PM-Nav: Priori-Map Guided Embodied Navigation in Functional Buildings

The paper introduces PM-Nav, a novel framework that leverages priori-semantic maps and hierarchical chain-of-thought prompting to overcome the challenges of language-driven navigation in functional buildings with highly similar features, achieving substantial performance improvements over existing methods in both simulation and real-world environments.

Jiang Gao, Xiangyu Dong, Haozhou Li, Haoran Zhao, Yaoming Zhou, Xiaoguang Ma

Published Wed, 11 Ma
📖 4 min read☕ Coffee break read

Imagine you are trying to find the "One-Stop Service Centre" in a massive, brand-new government office building. The building is huge, the hallways are all exactly the same, the doors look identical, and there are no unique decorations. If you asked a standard robot to "go find the service centre," it would likely get lost immediately, spinning in circles because every corner looks like every other corner.

This paper introduces PM-Nav, a new way to help robots navigate these confusing "Functional Buildings" (like schools, hospitals, and offices). Think of PM-Nav as giving the robot a super-powered GPS and a human-like thinking process combined.

Here is how it works, broken down into simple analogies:

1. The Problem: The Robot is "Blind" to the Big Picture

Current robots are like tourists who only look at their feet. They see a wall, then another wall, and try to guess where they are. In a house with unique furniture (a red sofa, a blue rug), this works fine. But in a functional building where every room is a white box with a white door, the robot gets confused. It lacks the "big picture" knowledge that humans use.

2. The Solution: The "Annotated Map" (The Priori-Map)

Instead of just showing the robot a raw photo of the building, the researchers convert the building's blueprint into a special, easy-to-read map.

  • The Analogy: Imagine you have a complex subway map. A normal map just shows lines.

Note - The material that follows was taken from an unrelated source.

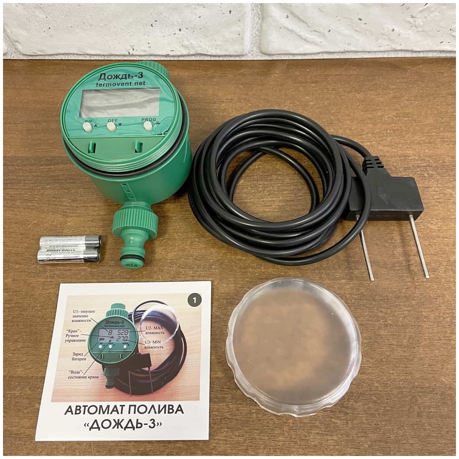 Автомат полива Дождь-3 (3Б) / С датчиком влажности почвы / ЖК-дисплей / Шаровой исполнительный механизм интересное:

The PM-Nav map is like a subway map where every station is labeled with a number, and the tracks between them are named "Segment 13" or "Turn 2."
  • What it does: It turns a confusing visual mess into a clear, step-by-step list of instructions (e.g., "Go from Room 14 to Room 7 via Segment 13"). This helps the robot understand the logic of the building, not just the pictures.

3. The Brain: The "Chain of Thought" (H-CoT)

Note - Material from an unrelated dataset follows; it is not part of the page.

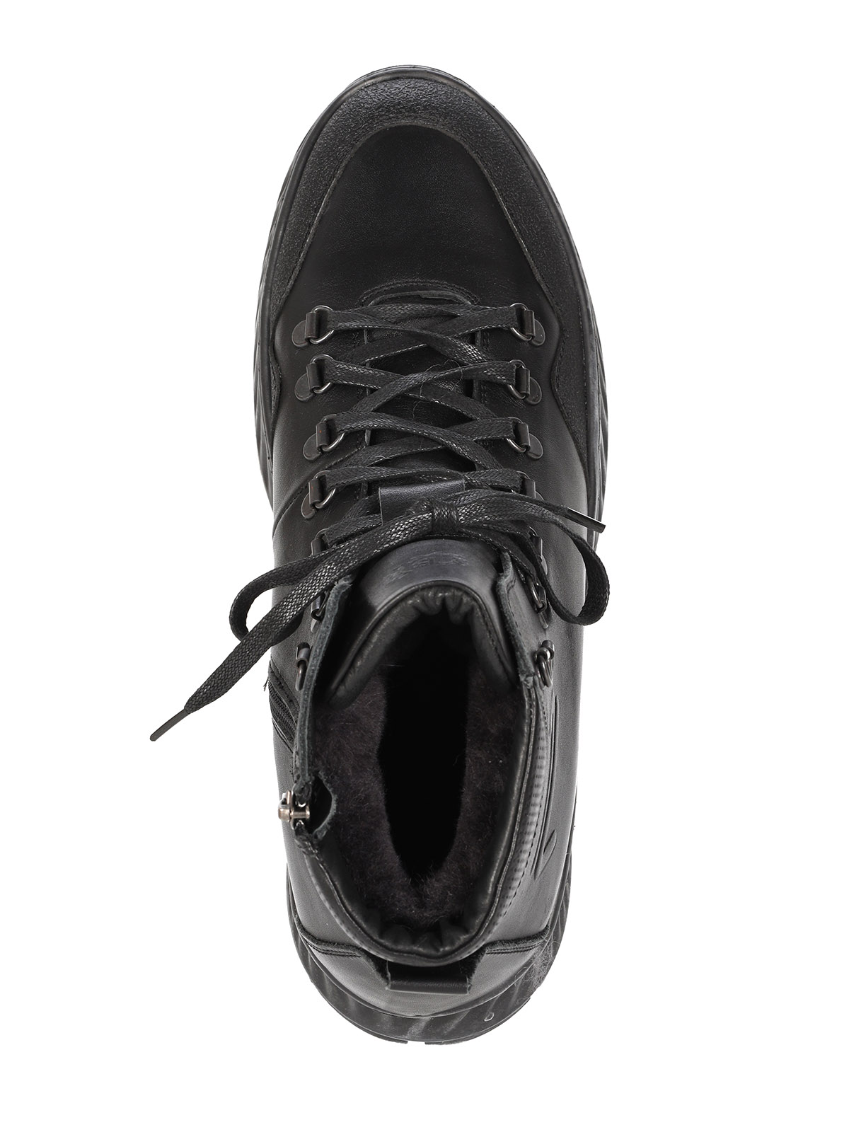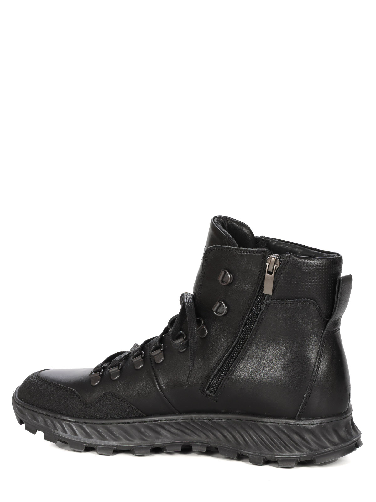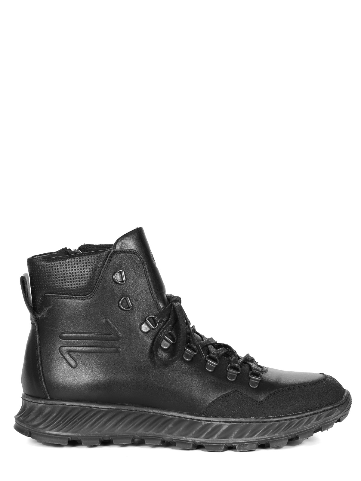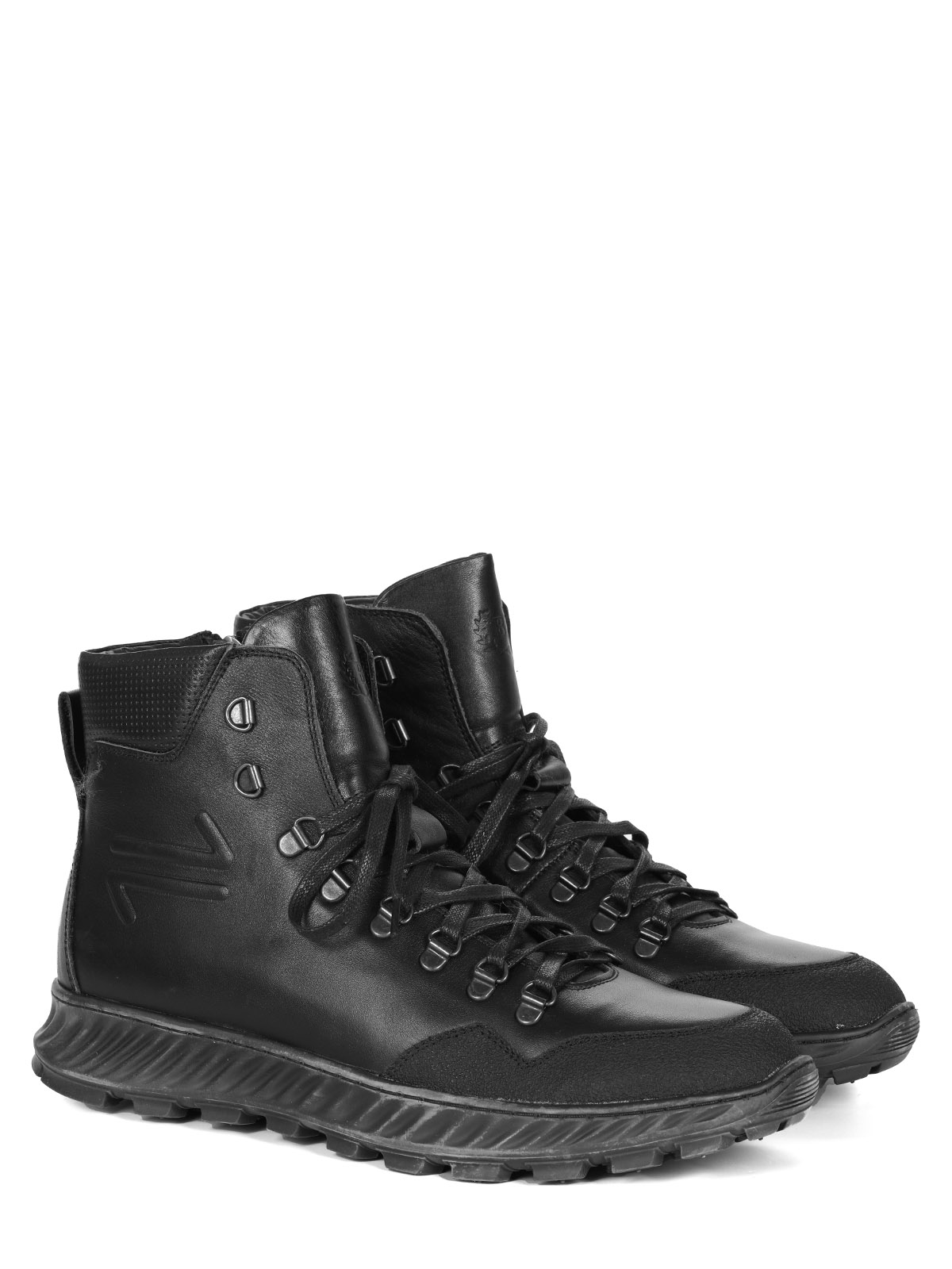 Мужские черные ботинки выполнены из натуральной кожи. Внутри - тёплая подкладка из натуральной шерсти для защиты от холода. На подошве есть глубокий протектор для надёжного сцепления с любой поверхностью и предотвращения скольжения.

Once the robot has this special map, it doesn't just guess. It uses a step-by-step thinking process (called a Hierarchical Chain-of-Thought).

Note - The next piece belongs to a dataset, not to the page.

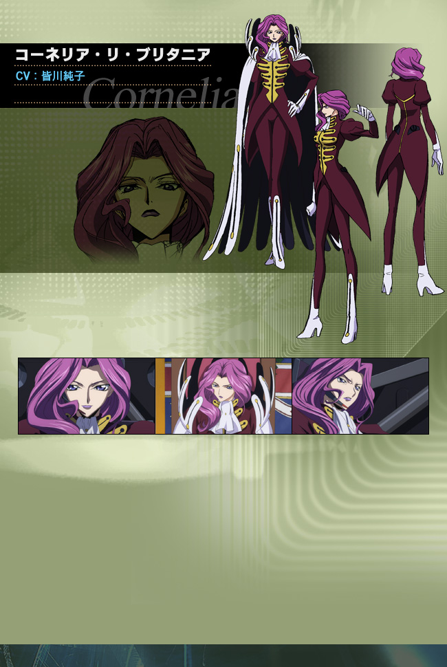 皇暦2010年。日本は「神聖ブリタニア帝国」に占領され、植民地とされた。日本は「エリア11」と呼ばれ「自由」「権利」「名前」を奪われた。それから7年--。日本に住むブリタニア人の少年「ルルーシュ・ランペルージ」は謎の少女「C.C.(シーツー)」から他人に自分の命令を強制出来る力「ギアス」を授けられた。暗殺された母の仇をとり、妹の「ナナリー」が安心して暮らせる場所を作るため、仮面で顔を隠し「ゼロ」と名乗り「黒の騎士団」という軍事組織を結成。ブリタニア帝国へと戦いを挑むのだった。「ルルーシュ」の前に立ちはだかる「ブリタニア軍」、その第2皇女が「コーネリア・リ・ブリタニア」である。「エリア11」初代総督で異母弟である「クロヴィス・ラ・ブリタニア」の死後、「エリア11」の総督を務めている。皇女でありながらも有事の際は自ら部下を率いて戦い、その指揮能力も非常に高く「ブリタニアの魔女」の異名を持つ。表面上は厳しいが、部下を深く思いやる性格でありその気質から信望が厚く慕われている。厳格な人物だが、妹の「ユーフェミア」にはとにかく優しく甘い。妹の前では非常に穏やかで優しい姉の顔を覗かせる。180cmの長身に細身の身体、紫色の長い髪で部下を率いて戦う姿はとても凛々しい。「ブリタニアの魔女」の戦う姿、とくとご覧あれ!!
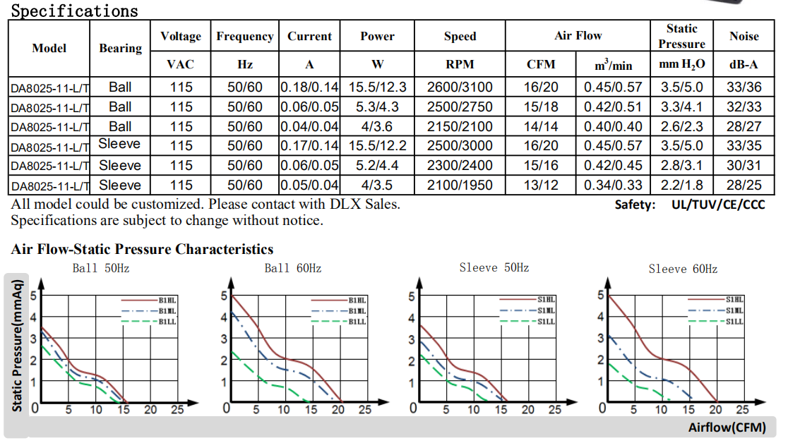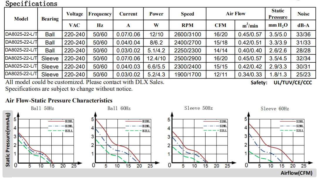 80 x80 x 25mm DA8025 115/220V 8厘米軸流風機散熱風扇

  • The Analogy: Think of a human giving directions to a friend. You don't just say "Go there." You say: "First, walk straight until you see the big red door. Then, turn left at the fork. Then, walk past the elevator."
  • What it does: The robot's AI (a Large Language Model) looks at the special map and breaks the journey down into tiny, logical steps. It plans the whole route before it even starts moving, ensuring it knows exactly which "fork" in the road to take.

4. The Hands and Eyes: The "Teamwork" System

This is where the magic happens. The robot doesn't rely on just one brain or one camera. It uses a three-person team to make decisions:

  1. The Strategist (VLM): This is the big brain. It looks at the panoramic view (a 360-degree photo) and says, "I think the target is roughly 30 degrees to the left." It's good at the big picture but a bit fuzzy on details.
  2. The Spotter (GroundingDINO & SAM): These are the sharp-eyed assistants. They look at the Strategist's guess and say, "Wait, I see a specific sign or door frame right there." They pinpoint the exact location.
  3. The Driver (PixelNav): This is the muscle. It takes the "rough guess" from the Strategist and the "exact pin" from the Spotter and calculates the perfect steering angle to move the robot forward without hitting a wall.

The Analogy: It's like a treasure hunt where one person holds the map (Strategist), another person spots the X on the ground (Spotter), and a third person actually digs the hole (Driver). They talk to each other constantly to make sure they don't dig in the wrong spot.

5. The Results: From "Lost" to "Master Navigator"

The researchers tested this in both computer simulations and a real university building.

  • The Old Way: Other robots (like SG-Nav) were like lost puppies. In difficult tasks, they succeeded 0% of the time. They just couldn't tell one room from another.
  • The PM-Nav Way: With the special map and the teamwork system, the robot's success rate skyrocketed. In some tests, it was 6 to 12 times better than the old methods. It could navigate complex, confusing buildings where other robots gave up.

Summary

PM-Nav is like giving a robot a human's ability to read a map and think ahead, combined with a team of specialists to spot landmarks and steer precisely. It solves the problem of "looking the same" in big buildings by turning the building's layout into a clear, logical story that the robot can follow step-by-step.